> [TASK TO CARRY OUT]
Below are entries with pictures among them; reproduce exactly, and only, the lines from the one containing "구경하실 수 있습니다." down to the one containing "Γάτες γραμμικό σχέδιο, Μάσκα", without the pictures.

═══ RECORDS SUPPLIED

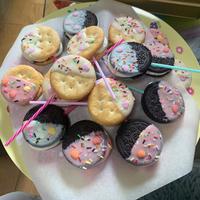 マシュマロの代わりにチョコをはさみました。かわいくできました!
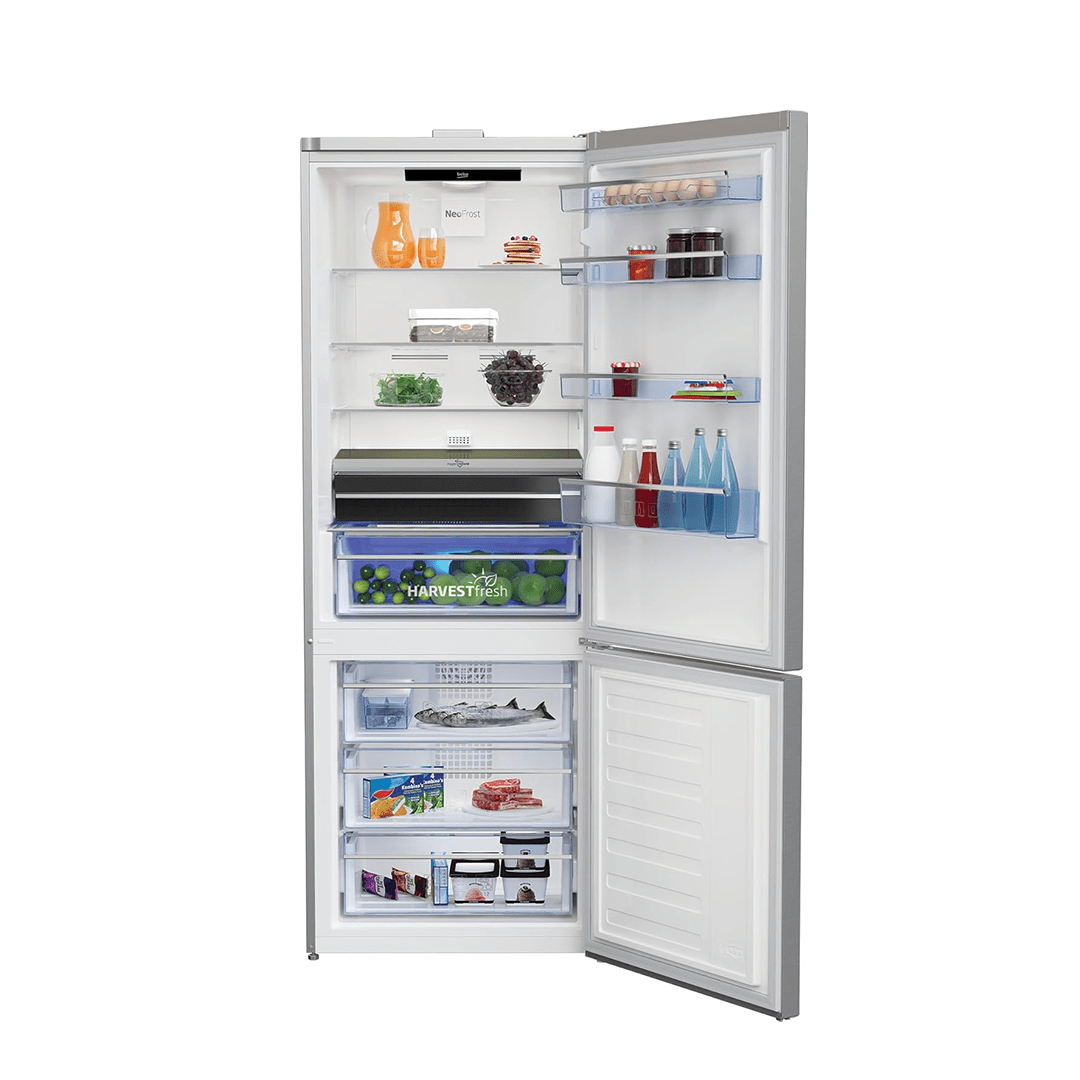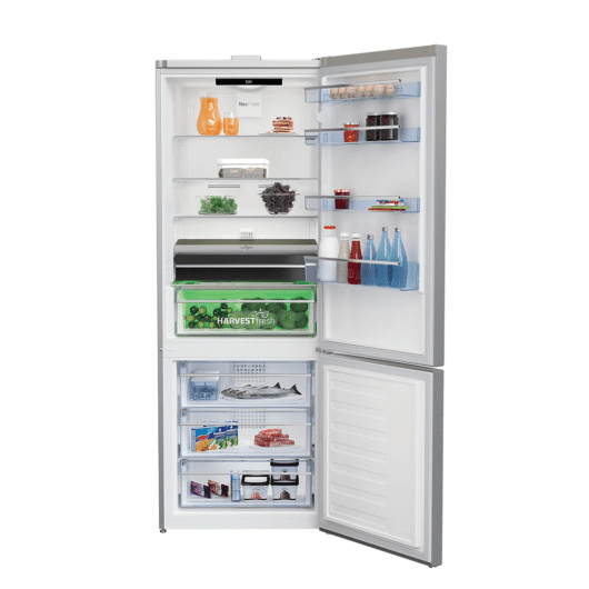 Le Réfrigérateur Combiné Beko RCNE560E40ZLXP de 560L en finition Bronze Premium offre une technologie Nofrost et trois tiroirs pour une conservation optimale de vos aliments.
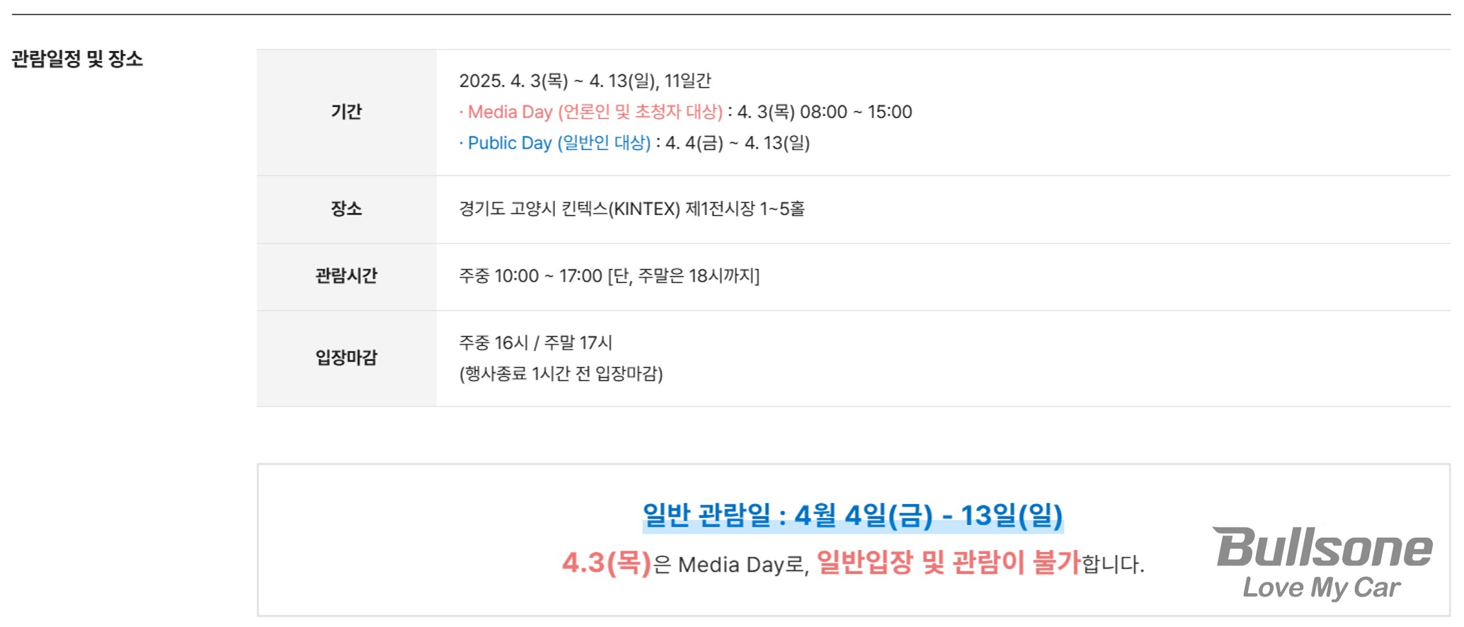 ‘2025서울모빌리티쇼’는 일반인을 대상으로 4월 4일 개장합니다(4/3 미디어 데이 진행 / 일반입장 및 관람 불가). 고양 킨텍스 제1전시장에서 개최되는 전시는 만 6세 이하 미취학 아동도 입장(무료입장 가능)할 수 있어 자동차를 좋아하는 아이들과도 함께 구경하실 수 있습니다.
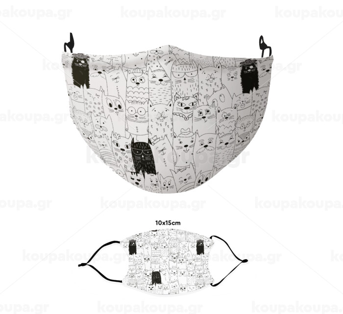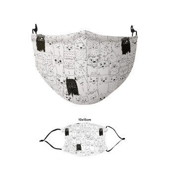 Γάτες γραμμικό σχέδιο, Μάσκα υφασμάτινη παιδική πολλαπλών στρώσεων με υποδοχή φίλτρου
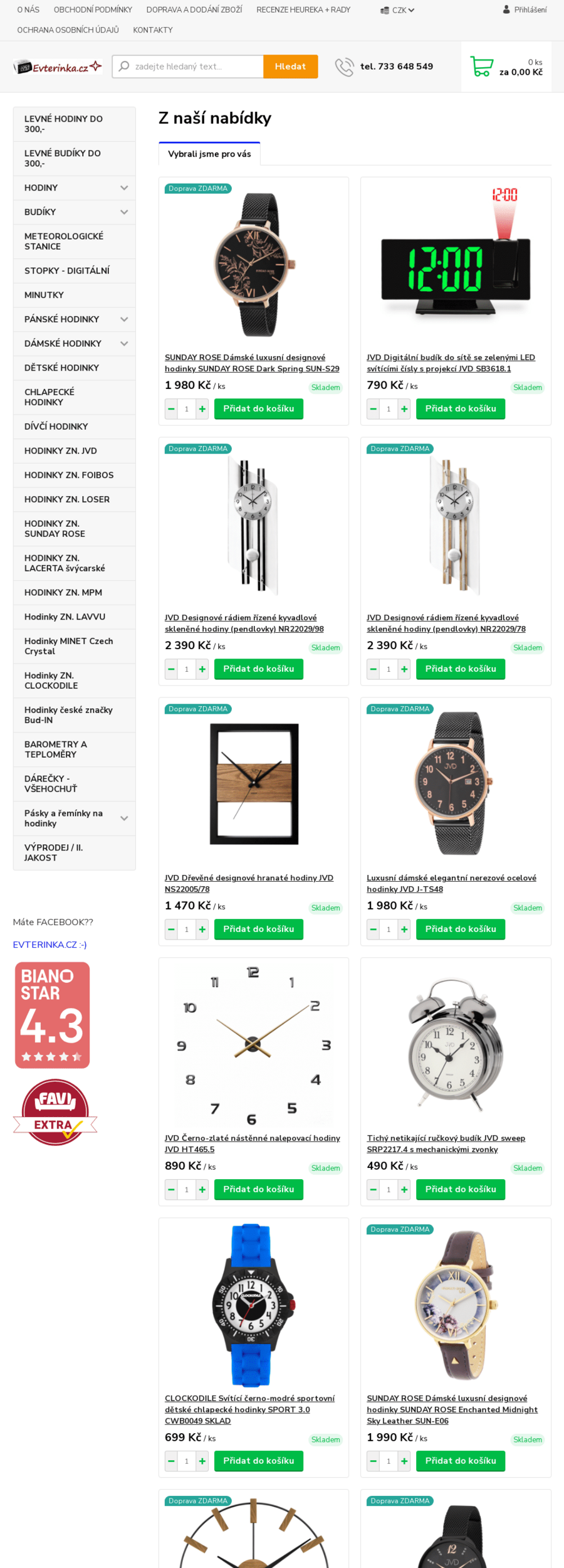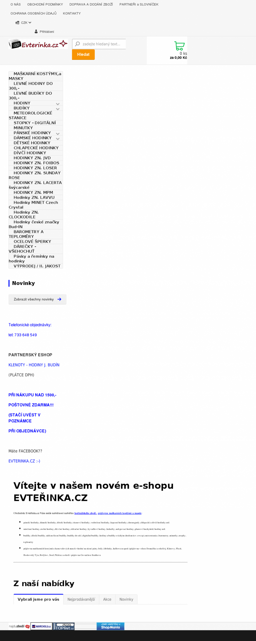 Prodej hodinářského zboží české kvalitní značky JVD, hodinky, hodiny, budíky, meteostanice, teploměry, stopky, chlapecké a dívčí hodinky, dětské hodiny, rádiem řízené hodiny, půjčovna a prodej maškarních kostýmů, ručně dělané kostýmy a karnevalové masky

══════

> [RESPONSE AREA]
 ‘2025서울모빌리티쇼’는 일반인을 대상으로 4월 4일 개장합니다(4/3 미디어 데이 진행 / 일반입장 및 관람 불가). 고양 킨텍스 제1전시장에서 개최되는 전시는 만 6세 이하 미취학 아동도 입장(무료입장 가능)할 수 있어 자동차를 좋아하는 아이들과도 함께 구경하실 수 있습니다.
 Γάτες γραμμικό σχέδιο, Μάσκα υφασμάτινη παιδική πολλαπλών στρώσεων με υποδοχή φίλτρου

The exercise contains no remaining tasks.